Xosé Ulla Quiben (Aveyron)
(article publié dans le n°3 de la revue L’Émancipation de novembre 2007)

(1) Rappelons que c’est Pouget qui inventa le terme. En 1911, il écrira : "(Le sabotage) a conquis droit de cité au Larousse, et nul doute que l’académie – à moins qu’elle n’ait été sabotée elle-même avant d’être parvenue à la lettre S de son dictionnaire- ne se résolve à tirer au mot « sabotage » sa plus cérémonieuse révérence et à lui ouvrir les pages de son officiel recueil", Le Sabotage , EP, Bibliothèque du Mouvement Prolétarien 1911.

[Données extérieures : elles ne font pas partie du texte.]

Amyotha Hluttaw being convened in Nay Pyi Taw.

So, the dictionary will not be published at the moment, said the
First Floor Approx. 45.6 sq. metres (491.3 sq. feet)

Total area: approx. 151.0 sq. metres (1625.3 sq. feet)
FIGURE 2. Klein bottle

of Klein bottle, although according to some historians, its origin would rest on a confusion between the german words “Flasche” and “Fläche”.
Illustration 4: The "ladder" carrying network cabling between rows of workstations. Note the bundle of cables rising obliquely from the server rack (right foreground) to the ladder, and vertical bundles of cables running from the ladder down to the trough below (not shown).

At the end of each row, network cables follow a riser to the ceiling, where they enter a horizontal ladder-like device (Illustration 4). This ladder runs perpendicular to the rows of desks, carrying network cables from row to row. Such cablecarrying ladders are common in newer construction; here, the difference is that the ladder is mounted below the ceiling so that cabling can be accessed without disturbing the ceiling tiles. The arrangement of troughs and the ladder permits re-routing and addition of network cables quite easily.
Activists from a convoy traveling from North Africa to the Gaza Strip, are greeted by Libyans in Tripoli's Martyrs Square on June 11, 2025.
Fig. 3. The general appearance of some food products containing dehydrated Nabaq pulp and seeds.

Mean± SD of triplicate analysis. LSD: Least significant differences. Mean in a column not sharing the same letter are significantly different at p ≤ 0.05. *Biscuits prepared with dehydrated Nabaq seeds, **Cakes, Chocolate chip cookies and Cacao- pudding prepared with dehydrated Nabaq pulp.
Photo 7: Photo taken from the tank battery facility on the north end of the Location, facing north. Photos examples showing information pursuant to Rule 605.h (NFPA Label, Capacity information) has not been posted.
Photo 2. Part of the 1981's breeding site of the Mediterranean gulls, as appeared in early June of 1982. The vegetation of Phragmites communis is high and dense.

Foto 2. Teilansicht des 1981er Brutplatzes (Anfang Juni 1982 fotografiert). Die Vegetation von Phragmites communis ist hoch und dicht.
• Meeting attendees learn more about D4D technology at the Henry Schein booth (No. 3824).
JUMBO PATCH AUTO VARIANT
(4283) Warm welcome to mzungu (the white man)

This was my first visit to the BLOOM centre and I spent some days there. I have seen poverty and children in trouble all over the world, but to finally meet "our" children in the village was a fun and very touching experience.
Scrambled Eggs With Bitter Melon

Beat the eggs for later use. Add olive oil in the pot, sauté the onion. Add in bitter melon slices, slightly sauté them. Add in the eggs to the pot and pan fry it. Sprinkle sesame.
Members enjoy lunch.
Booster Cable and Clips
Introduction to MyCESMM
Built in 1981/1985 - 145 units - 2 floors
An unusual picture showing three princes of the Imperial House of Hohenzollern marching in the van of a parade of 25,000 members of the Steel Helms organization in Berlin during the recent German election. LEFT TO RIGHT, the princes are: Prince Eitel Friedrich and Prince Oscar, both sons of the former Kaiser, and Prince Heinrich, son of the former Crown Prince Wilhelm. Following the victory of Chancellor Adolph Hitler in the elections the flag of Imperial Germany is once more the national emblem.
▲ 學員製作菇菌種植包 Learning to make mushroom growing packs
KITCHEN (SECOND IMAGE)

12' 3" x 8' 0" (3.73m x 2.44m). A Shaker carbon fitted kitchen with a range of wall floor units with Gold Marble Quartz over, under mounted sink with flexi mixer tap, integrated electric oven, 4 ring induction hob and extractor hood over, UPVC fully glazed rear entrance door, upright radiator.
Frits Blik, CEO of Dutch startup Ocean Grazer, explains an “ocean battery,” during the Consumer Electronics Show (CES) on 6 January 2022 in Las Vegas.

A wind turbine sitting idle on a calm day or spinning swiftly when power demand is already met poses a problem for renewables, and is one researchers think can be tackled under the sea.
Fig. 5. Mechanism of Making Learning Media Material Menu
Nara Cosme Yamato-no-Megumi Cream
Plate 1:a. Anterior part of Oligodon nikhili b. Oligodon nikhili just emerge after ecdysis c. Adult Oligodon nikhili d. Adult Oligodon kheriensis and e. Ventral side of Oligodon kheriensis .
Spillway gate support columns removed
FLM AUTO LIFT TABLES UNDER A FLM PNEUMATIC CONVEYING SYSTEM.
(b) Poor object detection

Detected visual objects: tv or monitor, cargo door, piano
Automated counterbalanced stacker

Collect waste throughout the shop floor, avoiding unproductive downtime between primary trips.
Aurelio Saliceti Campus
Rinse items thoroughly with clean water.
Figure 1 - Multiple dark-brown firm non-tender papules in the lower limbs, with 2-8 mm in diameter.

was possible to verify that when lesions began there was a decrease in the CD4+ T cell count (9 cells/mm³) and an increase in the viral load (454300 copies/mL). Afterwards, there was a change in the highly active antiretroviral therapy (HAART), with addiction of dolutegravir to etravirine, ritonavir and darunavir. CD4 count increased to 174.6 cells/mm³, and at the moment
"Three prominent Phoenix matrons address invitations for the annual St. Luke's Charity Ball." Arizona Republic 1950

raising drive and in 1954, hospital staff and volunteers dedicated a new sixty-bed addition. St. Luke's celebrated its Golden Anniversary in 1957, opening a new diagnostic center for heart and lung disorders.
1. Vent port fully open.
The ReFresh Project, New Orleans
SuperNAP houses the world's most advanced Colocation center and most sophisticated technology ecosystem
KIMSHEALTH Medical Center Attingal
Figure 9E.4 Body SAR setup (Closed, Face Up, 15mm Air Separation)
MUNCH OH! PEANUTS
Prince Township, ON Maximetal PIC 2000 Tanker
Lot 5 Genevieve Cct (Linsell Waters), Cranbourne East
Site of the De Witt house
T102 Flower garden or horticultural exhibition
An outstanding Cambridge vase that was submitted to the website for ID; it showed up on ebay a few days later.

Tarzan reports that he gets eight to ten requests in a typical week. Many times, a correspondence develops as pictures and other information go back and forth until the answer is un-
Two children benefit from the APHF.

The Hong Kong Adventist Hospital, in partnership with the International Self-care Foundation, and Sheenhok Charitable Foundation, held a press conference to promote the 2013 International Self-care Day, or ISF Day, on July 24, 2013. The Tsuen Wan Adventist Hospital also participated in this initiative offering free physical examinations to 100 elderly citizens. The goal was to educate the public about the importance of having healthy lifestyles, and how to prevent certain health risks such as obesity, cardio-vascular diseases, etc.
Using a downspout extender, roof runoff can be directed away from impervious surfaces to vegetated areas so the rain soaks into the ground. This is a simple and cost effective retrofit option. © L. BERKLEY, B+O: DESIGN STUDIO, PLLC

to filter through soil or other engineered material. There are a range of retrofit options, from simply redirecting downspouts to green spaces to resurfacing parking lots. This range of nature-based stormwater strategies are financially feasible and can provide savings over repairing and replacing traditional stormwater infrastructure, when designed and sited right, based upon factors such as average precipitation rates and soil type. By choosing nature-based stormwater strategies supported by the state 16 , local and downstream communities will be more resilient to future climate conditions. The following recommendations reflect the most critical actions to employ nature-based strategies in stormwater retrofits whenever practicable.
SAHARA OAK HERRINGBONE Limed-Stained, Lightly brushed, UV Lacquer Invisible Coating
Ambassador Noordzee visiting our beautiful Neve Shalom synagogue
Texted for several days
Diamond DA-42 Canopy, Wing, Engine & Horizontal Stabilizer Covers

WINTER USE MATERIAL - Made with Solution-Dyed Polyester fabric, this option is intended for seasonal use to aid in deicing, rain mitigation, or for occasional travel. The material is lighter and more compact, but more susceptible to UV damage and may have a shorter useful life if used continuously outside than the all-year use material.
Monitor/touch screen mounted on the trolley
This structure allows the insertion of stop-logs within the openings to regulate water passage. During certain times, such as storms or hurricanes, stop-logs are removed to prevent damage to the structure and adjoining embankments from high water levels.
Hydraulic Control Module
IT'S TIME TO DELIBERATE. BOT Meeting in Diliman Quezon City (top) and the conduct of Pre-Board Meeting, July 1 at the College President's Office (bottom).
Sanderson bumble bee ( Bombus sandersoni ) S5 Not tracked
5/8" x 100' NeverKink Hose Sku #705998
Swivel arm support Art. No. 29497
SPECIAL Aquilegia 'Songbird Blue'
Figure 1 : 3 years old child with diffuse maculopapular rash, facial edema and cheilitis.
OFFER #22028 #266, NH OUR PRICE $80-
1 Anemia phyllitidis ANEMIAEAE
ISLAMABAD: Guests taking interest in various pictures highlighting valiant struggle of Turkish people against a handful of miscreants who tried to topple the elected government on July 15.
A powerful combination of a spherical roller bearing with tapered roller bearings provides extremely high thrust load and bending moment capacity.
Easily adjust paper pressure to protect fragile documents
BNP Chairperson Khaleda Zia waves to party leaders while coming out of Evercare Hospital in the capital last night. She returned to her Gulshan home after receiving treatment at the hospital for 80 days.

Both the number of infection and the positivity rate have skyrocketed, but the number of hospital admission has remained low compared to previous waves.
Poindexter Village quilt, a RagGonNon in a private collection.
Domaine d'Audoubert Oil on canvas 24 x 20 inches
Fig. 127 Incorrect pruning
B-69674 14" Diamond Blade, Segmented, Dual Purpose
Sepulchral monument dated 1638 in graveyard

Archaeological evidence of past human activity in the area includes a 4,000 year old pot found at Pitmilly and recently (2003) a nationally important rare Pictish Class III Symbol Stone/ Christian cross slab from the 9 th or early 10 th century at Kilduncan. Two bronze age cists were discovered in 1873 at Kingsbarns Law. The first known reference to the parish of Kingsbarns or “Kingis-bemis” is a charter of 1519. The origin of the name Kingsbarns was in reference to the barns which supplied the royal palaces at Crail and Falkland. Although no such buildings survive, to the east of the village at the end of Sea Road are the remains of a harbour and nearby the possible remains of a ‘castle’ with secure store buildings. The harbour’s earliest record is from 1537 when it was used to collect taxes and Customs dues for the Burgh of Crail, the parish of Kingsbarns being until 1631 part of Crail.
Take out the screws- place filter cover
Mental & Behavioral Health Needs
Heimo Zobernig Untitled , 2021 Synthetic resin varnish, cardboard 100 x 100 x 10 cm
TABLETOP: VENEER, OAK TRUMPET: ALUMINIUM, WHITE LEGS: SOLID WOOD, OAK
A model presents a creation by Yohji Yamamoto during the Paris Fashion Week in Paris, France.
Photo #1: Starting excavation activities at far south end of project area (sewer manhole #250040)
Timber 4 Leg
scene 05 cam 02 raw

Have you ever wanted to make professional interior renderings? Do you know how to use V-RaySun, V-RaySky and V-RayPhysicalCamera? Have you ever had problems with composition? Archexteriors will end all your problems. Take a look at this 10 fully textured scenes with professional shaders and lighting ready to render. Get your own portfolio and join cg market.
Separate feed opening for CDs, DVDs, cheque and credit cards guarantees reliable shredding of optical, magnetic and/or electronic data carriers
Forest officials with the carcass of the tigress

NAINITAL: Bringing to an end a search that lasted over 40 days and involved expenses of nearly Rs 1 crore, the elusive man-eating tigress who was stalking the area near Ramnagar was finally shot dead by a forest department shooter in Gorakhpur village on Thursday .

(2) Le principe du "sabottage" comme moyen d’action sera rediscuté au différents congrès de la CGT jusqu’en 1900 (vote : pour : 117 ; contre : 76 ; blanc : 2) ; Pouget écrira en 1911, à propos de ce vote : "Ce vote précis clôtura la période de gestation, d’infiltration théorique du sabotage. Depuis lors, indiscutablement admis, reconnu et accepté, il n’a plus été évoqué aux Congrès corporatifs et il a pris rang définitivement au nombre des moyens de lutte préconisés et pratiqués dans le combat contre le capitalisme. Il est à remarquer que le vote ci-dessus, émis au Congrès de 1900, est déjà une indication du tassement qui va s’effectuer dans les organisations syndicales et qui va mettre les révolutionnaires à un pôle, les réformistes à l’autre. En effet, dans tous les Congrès confédéraux qui vont suivre, quand révolutionnaires et réformistes se trouveront aux prises, presque toujours la majorité révolutionnaire sera à peu près ce qu’elle a été dans le vote sur le sabotage, - soit dans la proportion des deux tiers, contre une minorité d’un tiers" ( Le Sabotage , EP, Bibliothèque du Mouvement Prolétarien 1911.).
(3) Celle-ci sera rééditée en septembre 2004 par les éditions Mille et Une nuits.